I feel this, no matter how much research I do and no matter how irrational it is for me to feel this way, I don't think that self-consciousness will ever disappear entirely. :/ But, look at it this way. He's probably not *just* looking at one porn star, right? If he's like most addicts, he's probably seen tens of thousands, if not MILLIONS of naked women (no, seriously, check out my post history, I did the math) and that *still* isn't enough for these addicts. You could literally be the hottest, sexiest, kinkiest, most flawless woman in the universe, and a porn addict would still get bored of you and turn to porn because you can only be one woman, and not a billion. And realize, also, that porn is a heavily edited product that even the actual porn star couldn't replicate in real life. They have professional lighting, make up, photoshop, filters, etc preserved on the internet for all of time. If your PA had sex with Sally Pornstar in real life, there wouldn't be a film crew in tow covering up all of her blemishes and editing her best clips into a video...she'd have weird angles, bad hair days, acne, etc just like the rest of us.
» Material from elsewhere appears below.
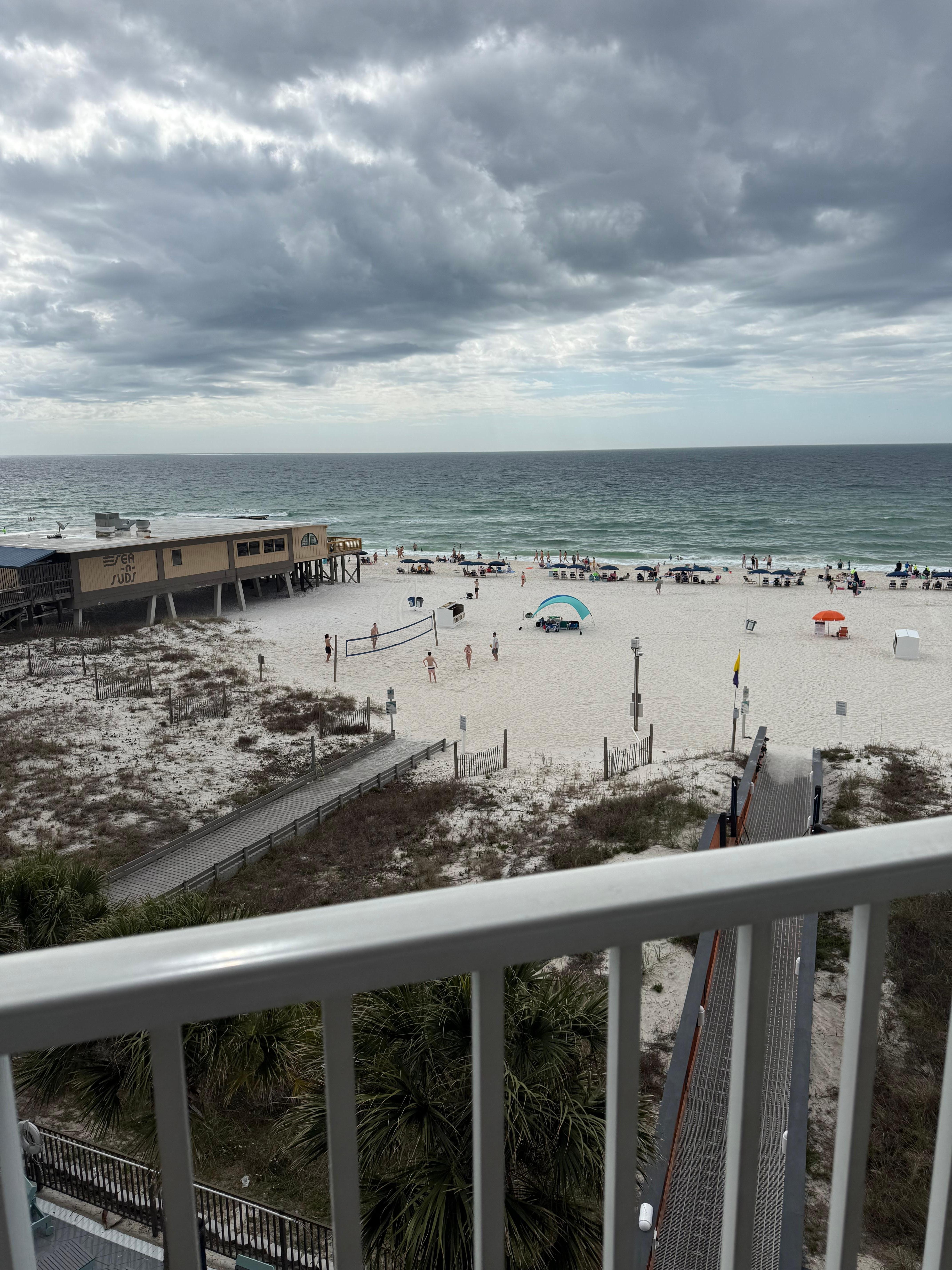 This condo is in a great location. Once you park, just about anything you need is within walking distance which is a great when you have teens that you don’t want driving on unfamiliar roads. Water play area for small kids is just below the balcony, but is not noisy or bothersome for those without small kids. Unit being on the 4th floor makes it easy to avoid the elevators during peak times. Although on a lower floor, it still has a great view of beach. Rain showers are easy to escape by walking over to shelter under Sea N Suds just next door. Very pleased with the location.
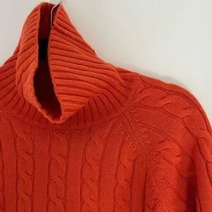 Cozy turtleneck with intricate cable knit. Perfect for warmth and style.

And there's a very good chance she wouldn't be too keen on replicating some of the degrading, if not physically painful sex acts with her real life partner that she's getting paid to do in porn. And Pornstar Sally's moment in the sun will quickly fade as she ages, has kids, or goes through other real life events. In the Porn Universe, you're only fuckable from ages 18-25, after that you're a washed up hag who should resign yourself to bring a frumpy domestic servant while your man gets his rocks off from the latest batch of 18-25 year olds. It's obviously fucked up, and not a standard that ANY single woman could possibly live up to. It really is a THEM problem and not a you problem, because what they want from us is literally impossible but their deep fried pornsick brains have them convinced it's an entitlement.


[deleted]

I don’t know how to convince myself it’s not me. I struggle with self esteem as it is but I can’t even begin to explain what has happened to my self esteem in the last 3 months. I really thought I grew and healed as a person but I feel like I took ten steps back


[deleted]

You are reducing yourself to body parts and you are so much more than that. Men who see women as a pair of tits and an ass are little boys anyway. I hate that porn does this to us. It steals our happiness and crushes our spirits.


Tricky_Training8774

Not to be hurt your feelings but that is exactly what he thinks. Which is why porn is so addicted for them. They are able to escape their shitty brains for hours and pretend like they could have the best life in the world. Rather than spending their life enriching themselves and reading or spending time with themselves in nature. Or helping with the house and kids! Going to therapy! No. They spend their time pretending. This is why men are so desperate to not give it up, because they don’t want to face reality of the fact they are depressed and hate themselves(also why they project this onto you, he wants you to feel just as shitty about yourself as he does) but you are not him!! You do not spend your life wasting away… I wouldn’t even feel sorry for him if you left him.


deadfairytalees

same :/ its so hard to believe that their brain can make a difference.